Конечно, беглый и невнимательный взгляд не мог бы сразу наткнуться на эти сокровища, если бы его не натолкнула какая-нибудь причина или примета. Потому-то обыскиваемому надо иметь при обыске свою душу в спокойных, холодных и уверенных руках. Но я бы, например, сопутствуя обыску, я бы, пожалуй, смог заставить себя молчать, не поднимать опущенных век и уж никак не косить глаза на питательное "табу". Но не думать о предметах и мысленно не видеть их – это было бы свыше моих психических сил. А ведь давно известно, что такое душевное напряжение непременно, как гипноз, передается мозгу мало-мальски опытного сыщика... и тут конец.
А ну-ка, закажите себе в течение двадцати минут не думать о белом медведе!
Однорукий комиссар и нарядный латыш пошли за женою. Она была восхитительно хладнокровна. В дверях столовой комиссар сказал ей любезно:
– Мы, собственно, интересуемся английской корреспонденцией вашего мужа. Поэтому, во избежание лишней возни и потери времени, покажите нам место, где находятся все его рукописи и документы. Домашних ваших пустяков мы трогать не будем.
"Хороши пустяки, – подумал я.– А заряженный на все восемь гнезд револьвер "веладог", который засунут в узкое пространство между ванной и стеной? А наган, лежащий под плинтусом на террасе? Слава Богу, что жена отвела меня от этой игры в обыск".
Мы четверо остались на тех же местах. Над нами стояли сонные, грязные, вонючие, поминутно чешущиеся за пазухой и зевающие солдаты. Я предложил докончить пульку. Но мои добрые друзья зашипели на меня:
– Какая уж тут пулька! Вы лучше спрячьте поскорее карты, пока не поздно. Сами знаете, как на это теперь смотрят... Да и вообще тут для нас в чужом пиру похмелье. Ну, мы понимаем, вы писатель, вы там могли что-нибудь такое написать. А за что же нас-то арестовали?

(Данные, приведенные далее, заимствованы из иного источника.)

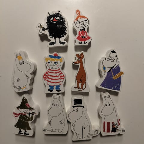 Kuvien pienemmät ( hahmosta riippuen n. 4-4,5 cm korkeat ) leikeissä mukana olleet muumihahmot.

Вообще, они явно впадали в панику. Отец Евдоким сказал:
– Моя матушка точно предвидела. "Не ходи да не ходи. Что тебе по ночам шататься?" Да и мне, признаться, не особенно хотелось идти. Нет! Понесла-таки нелегкая.
И, заметно, они на меня глядели враждебно.
К счастью, обыск продолжался недолго. Минут через двадцать однорукий с латышом, вслед за женою, вошли в гостиную. Партнеры мои были немедленно и очень вежливо отпущены по домам. Должен все-таки сказать, что, по торопливости, ни один из них не попрощался с хозяевами дома.
Большевики оказались людьми гораздо более светскими. Однорукий попросил позволения сесть, для составления протокола, а латыш, щелкнув каблуками, спросил:
– Не разрешите ли покурить?
Они опустошили весь мой огромный письменный ясеневый стол снаружи и снутри, а также американский классер со множеством полок, и все их содержание вывалили горой на стол под большую лампу с широким золотистым абажуром. Там было несметное количество писем, деловые бумаги, контракты с издателями, десяток записных книжек, множество фотографических карточек, а больше всего черновиков, начатых и недоконченных повестей, беглых заметок, шутливых стихов и тому подобного мусора. Были и письма иностранцев, но они касались исключительно моих сочинений и никакой политикой не пахли.
Однорукий начал было составлять подробную опись всем этим забранным предметам, но потом махнул рукой и спросил:
– Нет ли у вас каких-нибудь весов?
Весы нашлись, кухонные медные, с плоской круглой тарелкой. Их принесли. Комиссар быстро взвесил весь реквизит и дал нам расписку в том, что принял вещей на девять фунтов. Весь бумажный скарб был затем упакован и запечатан.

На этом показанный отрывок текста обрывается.